I’ve just finished reading the ATSB’s second interim report on the the QF 72 in flight upset that resulted in two uncommaned pitch over events (1). In this accident one of the Air Data Inertial Reference Units (ADIRU) provided erroneous data in the form of transient spikes vales of the angle of attack AoA parameter to the flight control computers which then initiated two un-commanded extreme pitch overs.
This post is part of the Airbus aircraft family and system safety thread.
To date the comprehensive technical investigation carried out by the ATSB has not determined the root cause of the spikes. However ADIRU1 also generated spikes in other flight parameters that were recorded by the Flight Data Recorder (FDR). Which is where the story starts to get interesting. As per the first ATSB report (ATSB 2008) the full set of affected ADIRU outputs were:
- angle of attack (AoA) (ADR),
- pressure altitude (ADR),
- computed airspeed (ADR),
- mach number (ADR),
- static air temperature (ADR),
- pitch angle (IR),
- roll angle (IR),
- wind speed (ADR)+IR), and
- wind direction (ADR+IR).
At first glance that’s a dizzying number of flight air data and attitude parameters exhibiting anomalous values, especially if we naively presume that they are independent. But in modern air data systems few parameters are truly independent. A classic example of this dependency is the use of AoA and mach parameters to compensate measured static and dynamic air pressure. Subsequent calculations of mach, static air temperature and so on all depend on these basic pressure parameters so for example an error in AoA can potentially cause subsequent downstream processing errors (2).

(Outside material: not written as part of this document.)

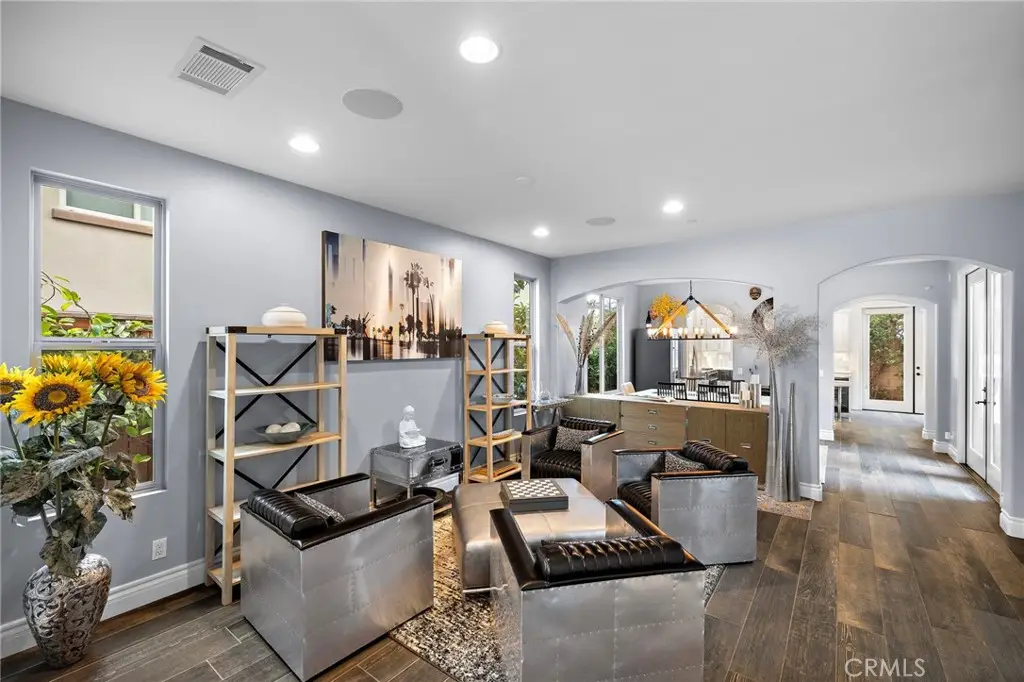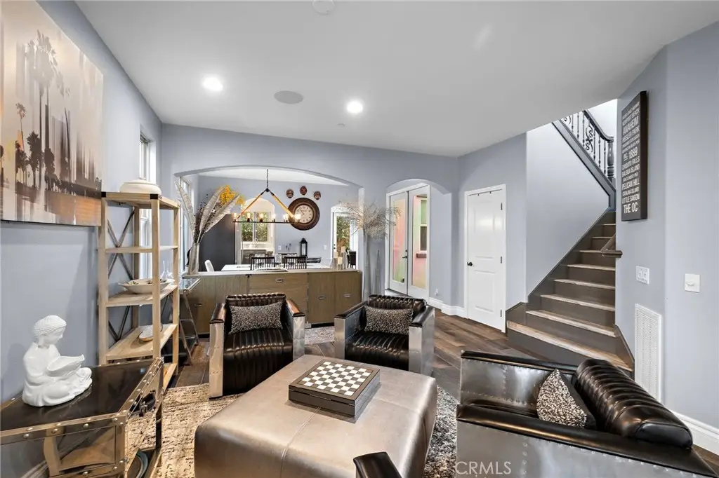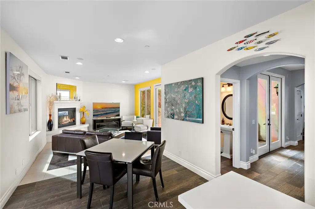Stunning California-Mediterranean semi-custom home nestled in an exclusive enclave of just seven homes in Seabright Cove and completed in 2011 with mountain & park views. Thoughtfully designed with both elegance and comfort in mind, this spacious residence offers 4 bedrooms, 3.5 baths, and a versatile bonus room upstairs that is currently used as a gym and has doors out to the front balcony with city lights, mountain & park views. Soaring ceilings and abundant natural light enhance the open layout, which includes formal living and dining rooms, and a beautifully appointed eat-in kitchen featuring rich wood cabinetry, with a pantry, quartz countertops, custom stainless steel backsplash, and a seamless flow into the inviting family room with custom fireplace. Large pantry under the stairs for added storage capabilities. The heart of the home is a large central courtyard--perfect for indoor-outdoor entertaining and relaxed California living with beautiful fire feature and bistro lighting for added ambiance. Side yard has four mature fruit trees- Meyer lemon, guava, tangerine, & loquat. Additionally, the home has AC, is wired with CAT 6, has surround sound speakers, and comes prepped for cameras and a whole home security system. Upstairs, the luxurious primary suite boasts a spa-inspired bath & is a serene retreat also with fireplace, walk in closet and dual sinks with new faucets and separate shower and tub. Ideally located just minutes from the Dana Point Harbor currently undergoing a major renovation, the Lantern District, and some of California's most iconic beaches & 5 star resorts, this home offers coastal charm, modern comfort, and timeless style.
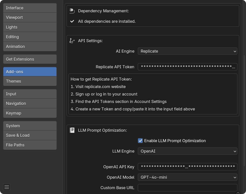 目前争取在 Blender market 上架,但是审核人员说不允许 AI 第三方 API 的接入🥱。

In the case of mach, mach is itself derived from the ratio of impact and static pressures which means that some form of an iterative algorithm must be used. The air data process also needs to handle the case where a solution does not converge, normally by computing a raw mach value for use in subsequent pressure compensations.
Software temptations are virtually irresistible. The apparent ease of creating arbitrary behavior makes us arrogant. We become sorcerer’s apprentices, foolishly believing we can control any amount of complexity. … We would be better off if we learned how and when to say no
G.F. McCormick, When Reach Exceeds Grasp
So a spike value in AoA could notionally affect a range of other air data parameters, depending on where in the processing cycle it occurred, it’s magnitude, duration and how it interacted with any onboard reasonableness checks. The ATSB noted that the spikes appeared to be random and occurred for different parameters at different times but the interaction of processing cycles, AoA (or another parameter) spikes and onboard error detection gives (IMO) at least a plausible explanation for such behaviour.
This of course leaves the pitch and roll parameters generated by the Inertial Reference Unit. Puzzling, as the IRU uses a strap down ring laser gyro to generate these parameters, not air data. However even for the IRU air data plays a part in calculating flight parameters, specifically barometric altitude is used to stabilise the IRU vertical acceleration calculation. If other air data is used by the IRU to stabilise other calculations then we again have a plausible explanation for these IRU failures.
Taking a broader view integrated architectures, such as modern ADIRU’s, have a nasty habit of introducing interaction type hazards which are difficult to anticipate during design. The more we integrate the greater the unanticipated risk, when things go wrong in an unanticipated way.
ATSB Transport Safety Report, Aviation Occurrence Investigation, AO-2008-070 Interim Factual No. 2 Report on in-flight upset 154 km west of Learmonth, WA 7 October 2008, VH-QPA Airbus A330-303.
ATSB Transport Safety Report, Aviation Occurrence Investigation, AO-2008-070 Interim Factual Report on in-flight upset 154 km west of Learmonth, WA 7 October 2008, VH-QPA Airbus A330-303.
BEA, Interim report no. 2, on the accident on 1st June 2009, to the Airbus A330-203, registered F-GZCP, operated by Air France flight AF 447 Rio de Janeiro – Paris, Report Number f-cp090601ae2, November 2009.
1. Mea culpa, I missed the second report when it was first released.
2. See BEA’s second interim report (BEA Nov 2009) p 48 and 49 for further details of Airbus’ implementation.